The adjustment has been gradual for Mr. B., a 43-year-old public school
administrator who is trying to stop calling J. "our little man." He thinks
of his son as a positive, resilient person, and his love and admiration
show. "The truth is, is any parent going to choose this for their kid?" he
said. "It's who your kid is."
Families are caught in the undertow of conflicting approaches. One suburban
Chicago mother, who did not want to be identified, said in a telephone
interview that she was drawing the line on dress and trying to provide "boy
opportunities" for her 6-year-old son. "But we can't make everything a power
struggle," she said. "It gets exhausting."
She worries about him becoming a social outcast. "Why does your brother like
girl things?" friends of her 10-year-old ask. The answer is always, "I don't
know." Nila Marrone, a retired linguistics professor at the University of
Connecticut who consults with parents and schools, recalled an incident last
year at a Bronx elementary school in which an 8-year-old boy perceived as
effeminate was thrown into a large trash bin by a group of boys. The
principal, she said, "suggested to the mother that she was to blame, for not
having taught her son how to be tough enough."
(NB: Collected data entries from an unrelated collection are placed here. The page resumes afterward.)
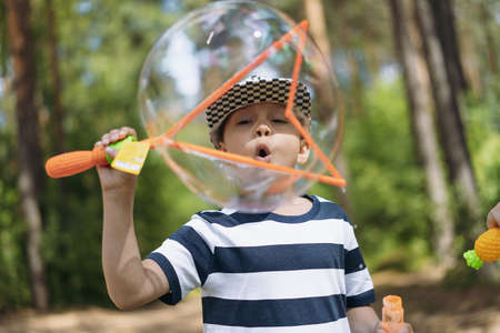 cute caucasian boy blowing huge soap bubble . high quality photo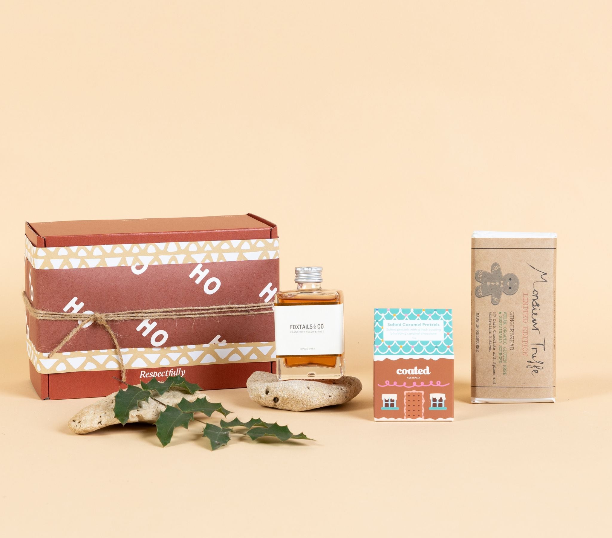 The perfect gift to help them unwind and indulge. Featuring a choice of handcrafted cocktail from Foxtails & Co, paired with salted chocolate pretzels and a limited-edition gingerbread chocolate bar. Thoughtfully made in Victoria, this elegant mix of sweet, salty, and spirited flavours offers a delicious way to relax and celebrate the season.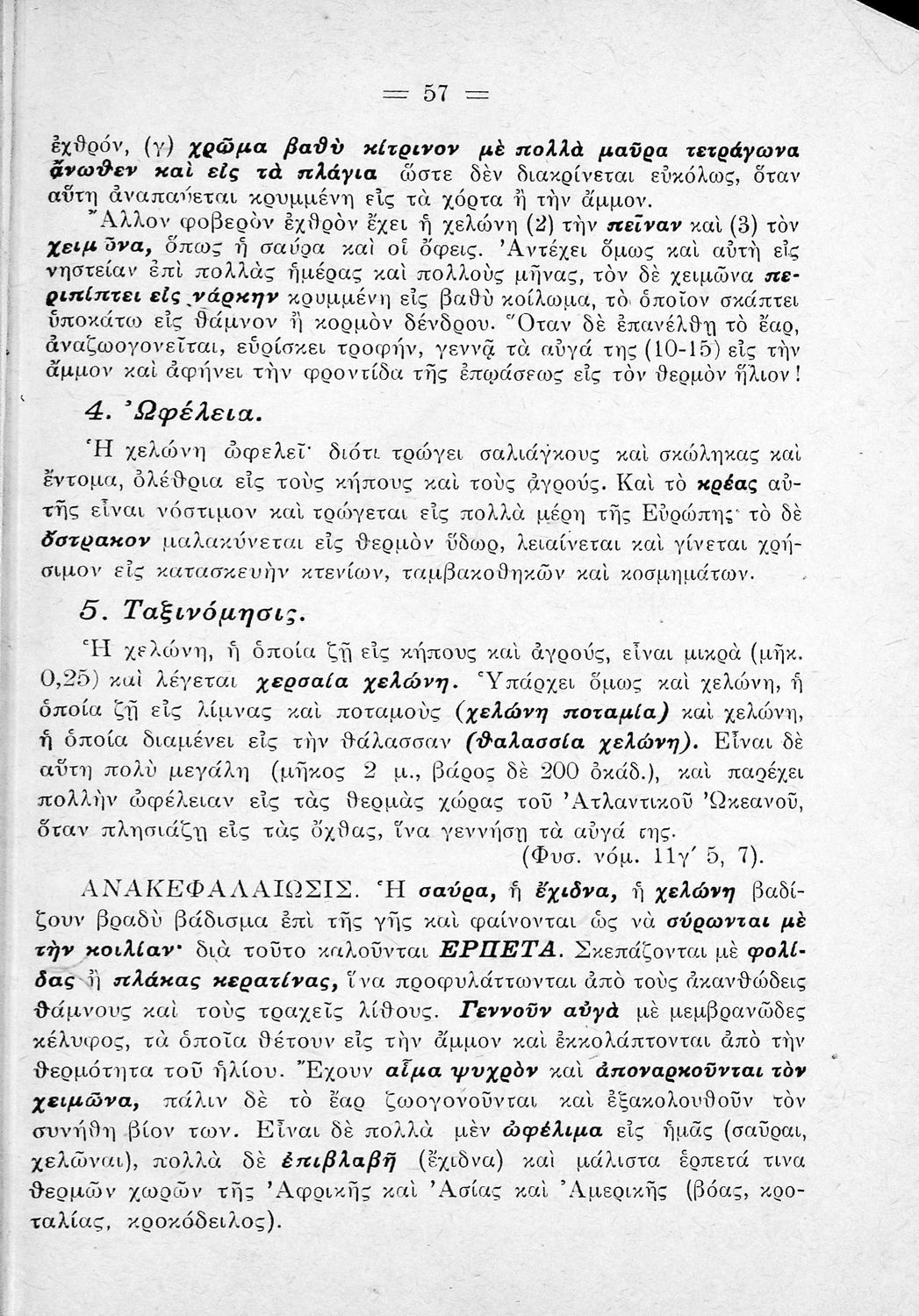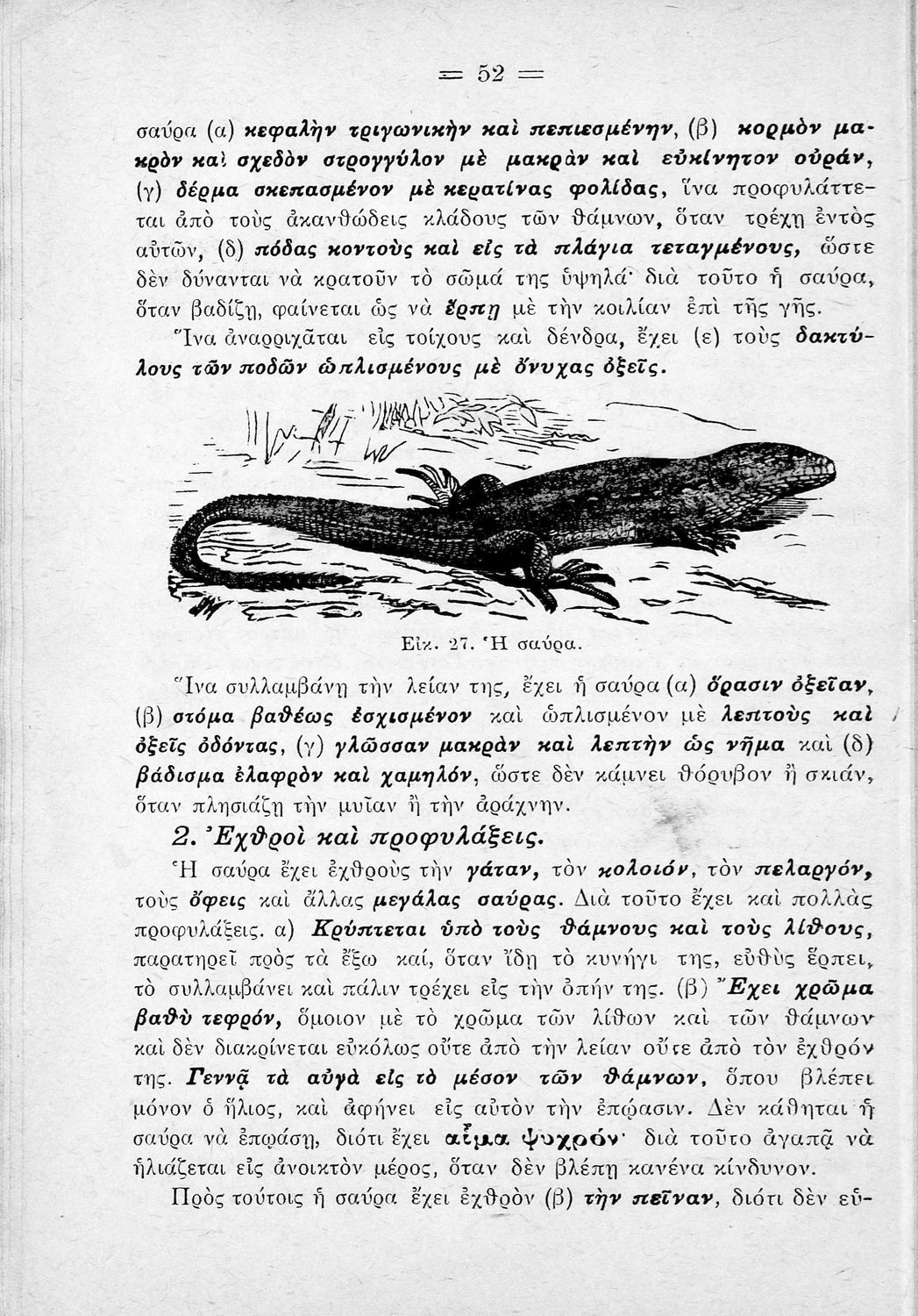 Σχολικό εγχειρίδιο της Α' Ελληνικού Σχολείου για το μάθημα της Φυσικής Ιστορίας. Το εγχειρίδιο περιλαμβάνει τα βασικά ζητήματα της επιστήμης της ζωολογίας (κατηγορίες και διαφορές μεταξύ ζώων, πτηνών και ...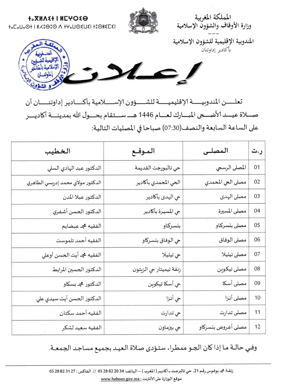 وهذه لائحة المصليات التي ستقام فيها صلاة العيد، ومواقعها، واسم الخطيب: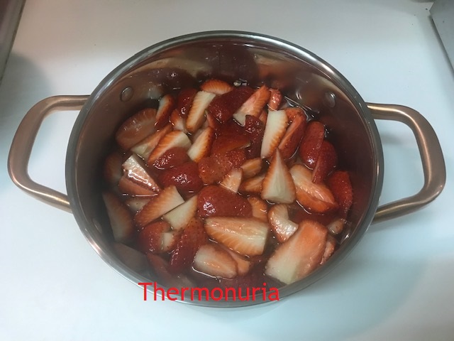 Cuando el almíbar este listo, lo pondremos hirviendo sobre los fresones hasta cubrirlos. Tapamos y dejamos 24 horas.

But the tide is turning. The Los Angeles Unified School District, for instance, requires that students be addressed with "a name and pronoun that corresponds to the gender identity." It also asks schools to provide a locker room or changing
area that corresponds to a student's chosen gender.
One of the most controversial issues concerns the use of "blockers,"
hormones used to delay the onset of puberty in cases where it could be
psychologically devastating (for instance, a girl who identifies as a boy
might slice her wrists when she gets her period). Some doctors disapprove of
blockers, arguing that only at puberty does an individual fully appreciate
their gender identity.
Catherine Tuerk, a nurse-psychotherapi st at the children's hospital in
Washington and the mother of a gender-variant child in the 1970s, says
parents are still left to find their own way. She recalls how therapists
urged her to steer her son into psychoanalysis and "hypermasculine
activities" like karate. She said she and her husband became "gender cops."
"It was always, 'You're not kicking the ball hard enough,' " she said.
Ms. Tuerk's son, now 30, is gay and a father, and her own thinking has
evolved since she was a young parent. "People are beginning to understand
this seems to be something that happens," she said. "But there was a whole
lifetime of feeling we could never leave him alone."